→ Data shown:
------
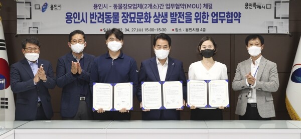 협약에 따라 이들 동물장묘업체 2곳은 앞으로 2년간 용인시민에게 화장비와 봉안비 10% 할인 혜택을 제공한다.
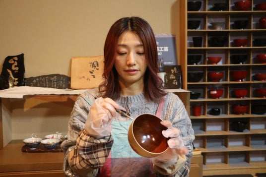 山中温泉の伝統工芸といえば≪山中漆器≫。【うるしの器あさだ】で≪漆絵付け体験≫をすることに!すらすら筆が進む三田村。どのようなものができたのでしょうか。
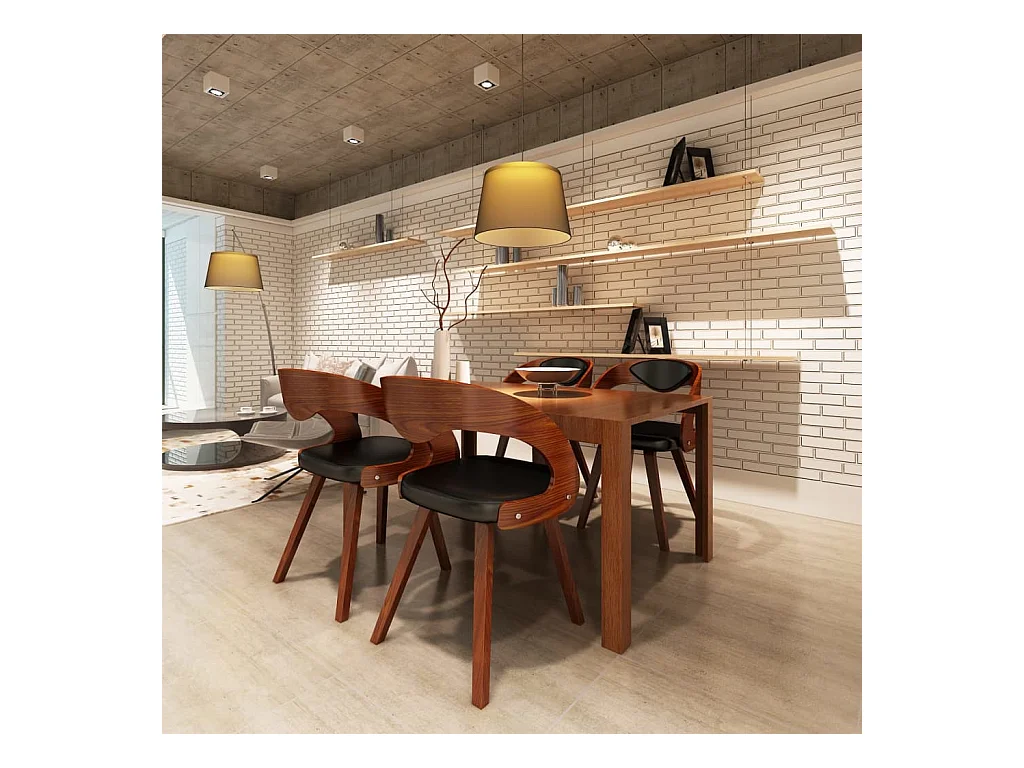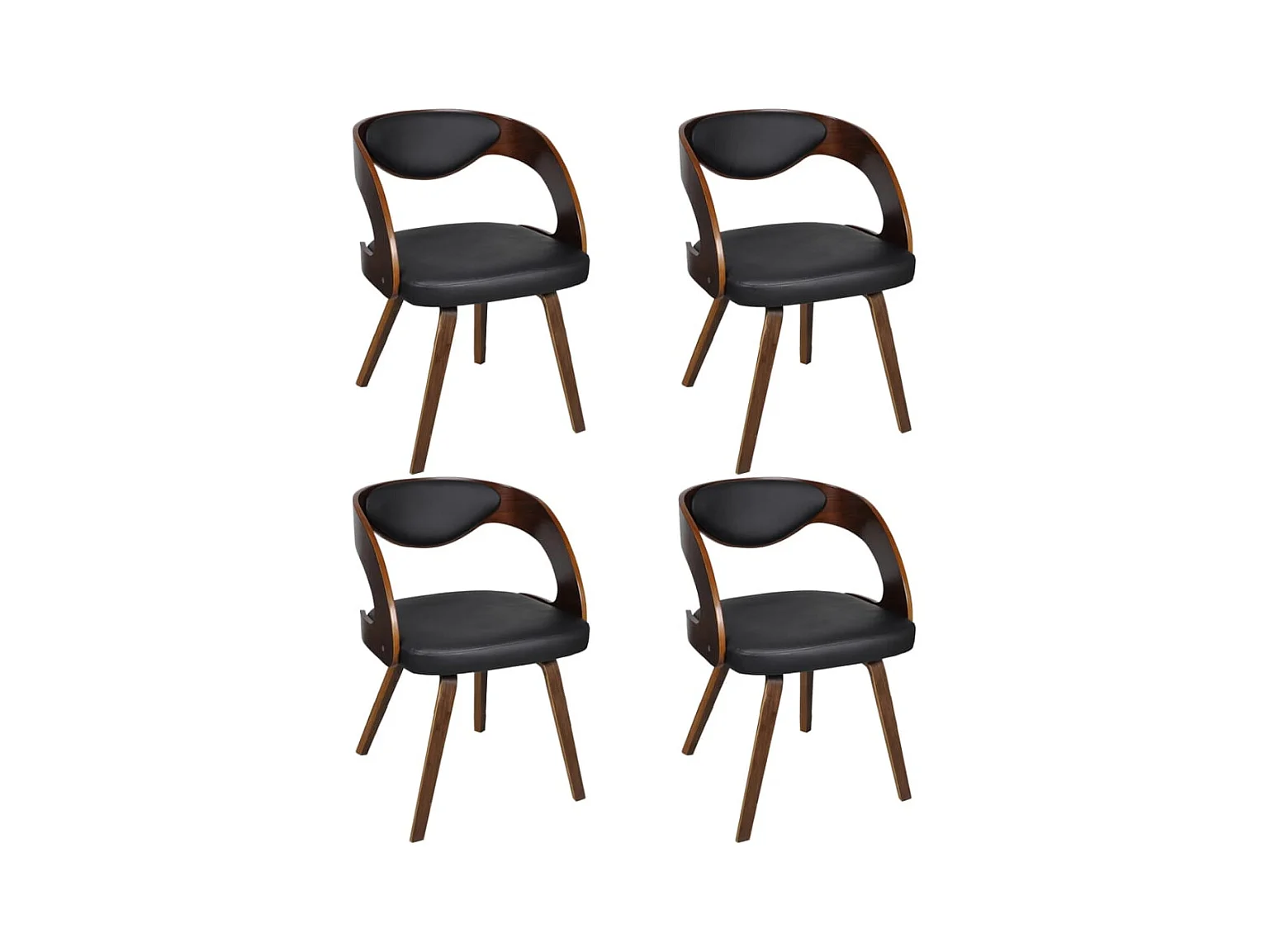 Set di 4 sedie da pranzo in legno curvato marrone e similpelle
------
Each line from the one containing "山中温泉の伝統工芸といえば≪" to the final line of the data must be printed exactly, both included, with nothing else and no pictures.

→ Exercise response:
 山中温泉の伝統工芸といえば≪山中漆器≫。【うるしの器あさだ】で≪漆絵付け体験≫をすることに!すらすら筆が進む三田村。どのようなものができたのでしょうか。
 Set di 4 sedie da pranzo in legno curvato marrone e similpelle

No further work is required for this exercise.